- **MATERIAL FOR THIS EXERCISE**
- - -
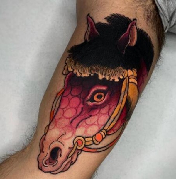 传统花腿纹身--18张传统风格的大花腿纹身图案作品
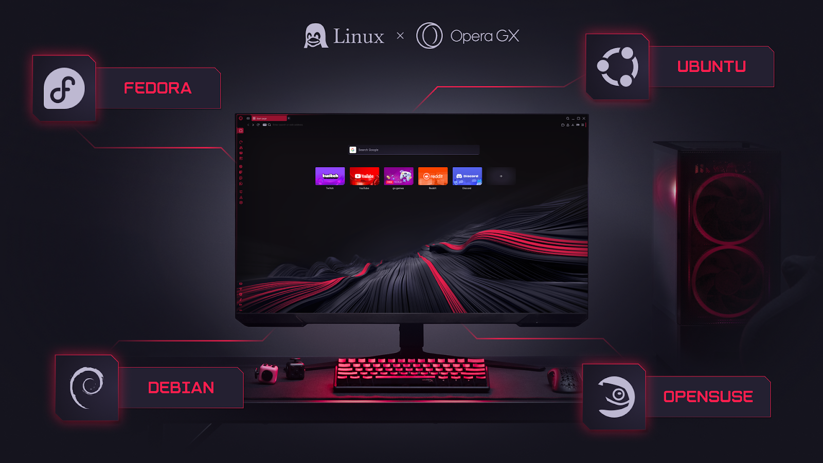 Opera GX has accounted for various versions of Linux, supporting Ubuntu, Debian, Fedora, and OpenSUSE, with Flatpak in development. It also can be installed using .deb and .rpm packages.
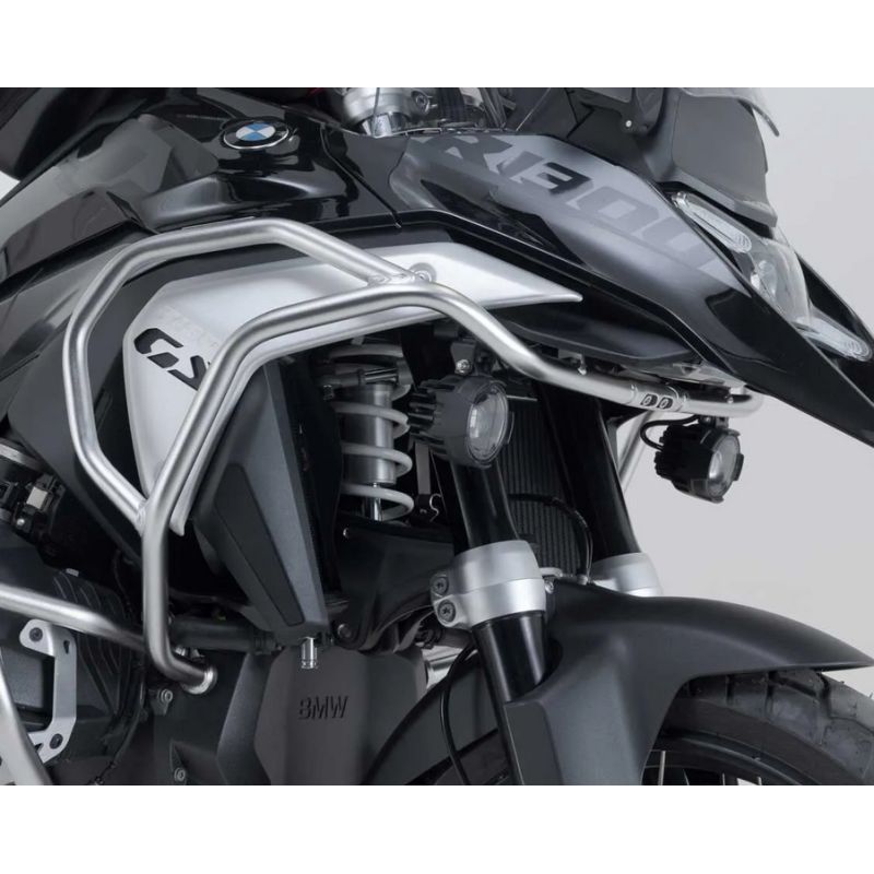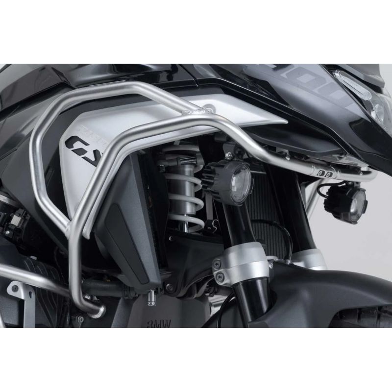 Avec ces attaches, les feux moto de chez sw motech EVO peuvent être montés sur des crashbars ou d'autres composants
- - -
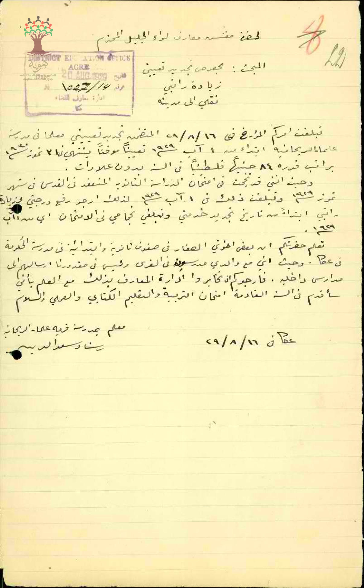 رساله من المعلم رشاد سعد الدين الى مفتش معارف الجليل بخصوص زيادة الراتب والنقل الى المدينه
- - -
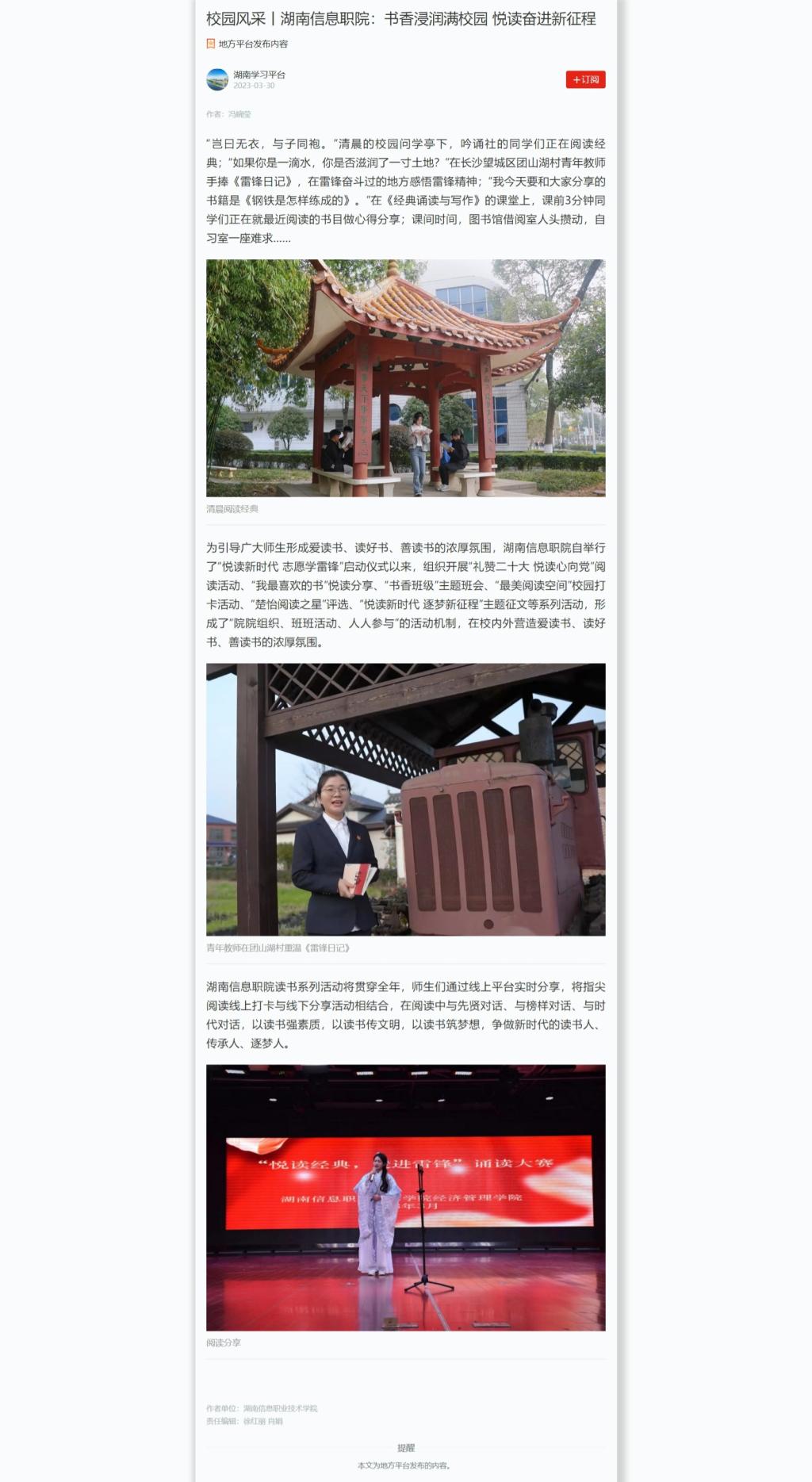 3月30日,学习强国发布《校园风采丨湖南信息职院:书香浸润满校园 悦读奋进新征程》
- - -
From the records above, return exactly the lines running from the one that contains "传统花腿纹身--18张传统风格的大花腿纹身图案作品" down to the one that contains "Opera GX has", both included, without any pictures.

 传统花腿纹身--18张传统风格的大花腿纹身图案作品
 Opera GX has accounted for various versions of Linux, supporting Ubuntu, Debian, Fedora, and OpenSUSE, with Flatpak in development. It also can be installed using .deb and .rpm packages.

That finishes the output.